> Your instructions
In the records below, reproduce exactly the lines from the one containing "Auf der IAA" through the one containing "代表社労士の大森絵美が、20", both included, and omit the pictures.

> Exercise data
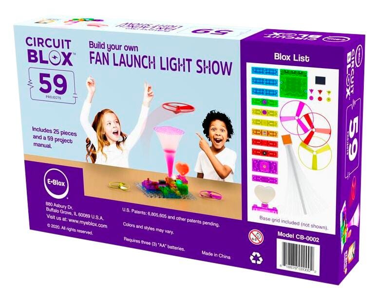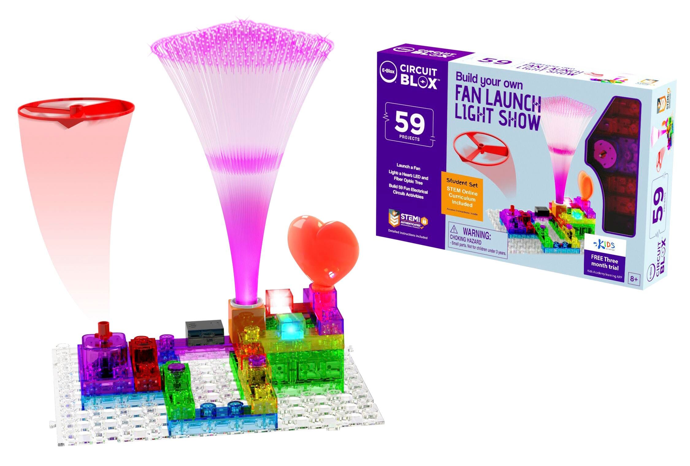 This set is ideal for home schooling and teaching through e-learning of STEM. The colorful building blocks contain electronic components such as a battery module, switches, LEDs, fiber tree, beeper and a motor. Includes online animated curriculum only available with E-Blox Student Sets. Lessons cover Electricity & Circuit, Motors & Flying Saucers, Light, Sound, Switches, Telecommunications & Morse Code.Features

* * *

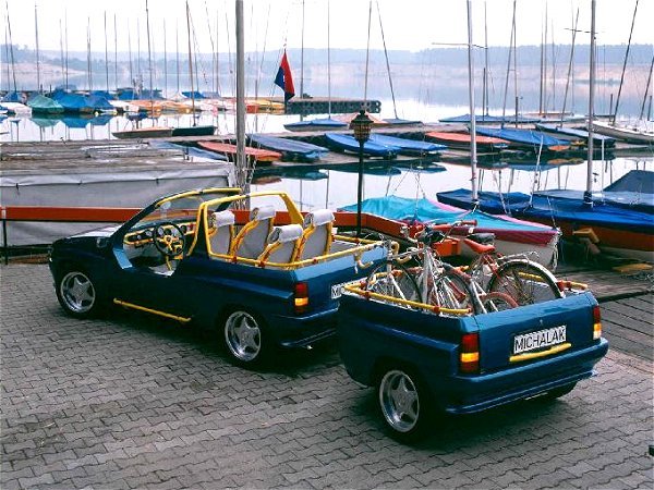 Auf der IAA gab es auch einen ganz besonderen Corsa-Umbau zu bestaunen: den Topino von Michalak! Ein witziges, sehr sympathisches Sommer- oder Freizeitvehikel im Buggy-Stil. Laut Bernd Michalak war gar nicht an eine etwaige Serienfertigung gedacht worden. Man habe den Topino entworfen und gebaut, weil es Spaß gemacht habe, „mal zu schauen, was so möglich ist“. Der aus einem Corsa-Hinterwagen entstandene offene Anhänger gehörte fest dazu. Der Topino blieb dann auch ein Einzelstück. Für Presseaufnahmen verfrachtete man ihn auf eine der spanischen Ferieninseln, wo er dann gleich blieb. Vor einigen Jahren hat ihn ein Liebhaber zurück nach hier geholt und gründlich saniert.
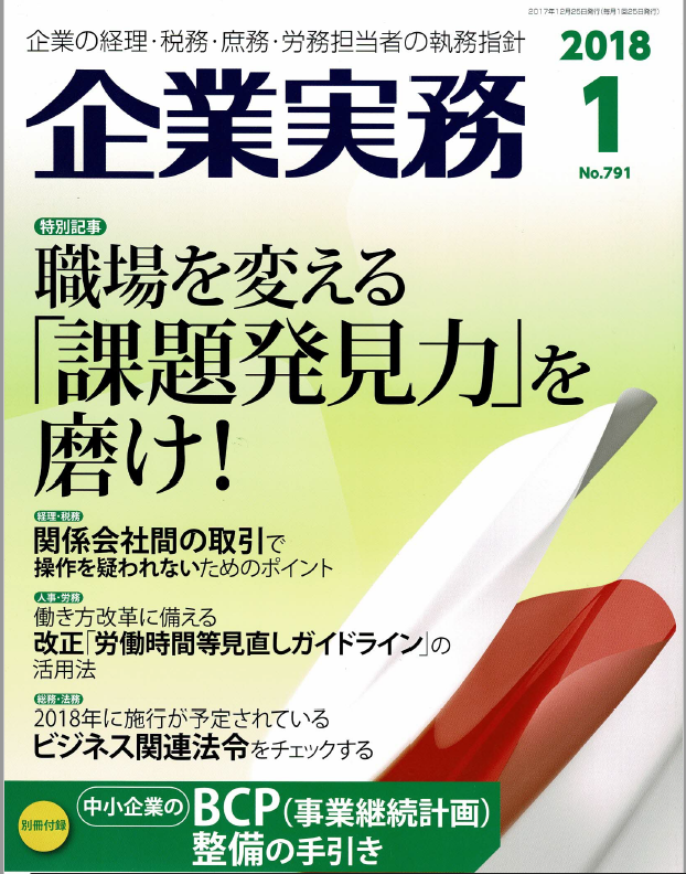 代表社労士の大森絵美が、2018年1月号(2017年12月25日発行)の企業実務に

> Task output
 Auf der IAA gab es auch einen ganz besonderen Corsa-Umbau zu bestaunen: den Topino von Michalak! Ein witziges, sehr sympathisches Sommer- oder Freizeitvehikel im Buggy-Stil. Laut Bernd Michalak war gar nicht an eine etwaige Serienfertigung gedacht worden. Man habe den Topino entworfen und gebaut, weil es Spaß gemacht habe, „mal zu schauen, was so möglich ist“. Der aus einem Corsa-Hinterwagen entstandene offene Anhänger gehörte fest dazu. Der Topino blieb dann auch ein Einzelstück. Für Presseaufnahmen verfrachtete man ihn auf eine der spanischen Ferieninseln, wo er dann gleich blieb. Vor einigen Jahren hat ihn ein Liebhaber zurück nach hier geholt und gründlich saniert.
 代表社労士の大森絵美が、2018年1月号(2017年12月25日発行)の企業実務に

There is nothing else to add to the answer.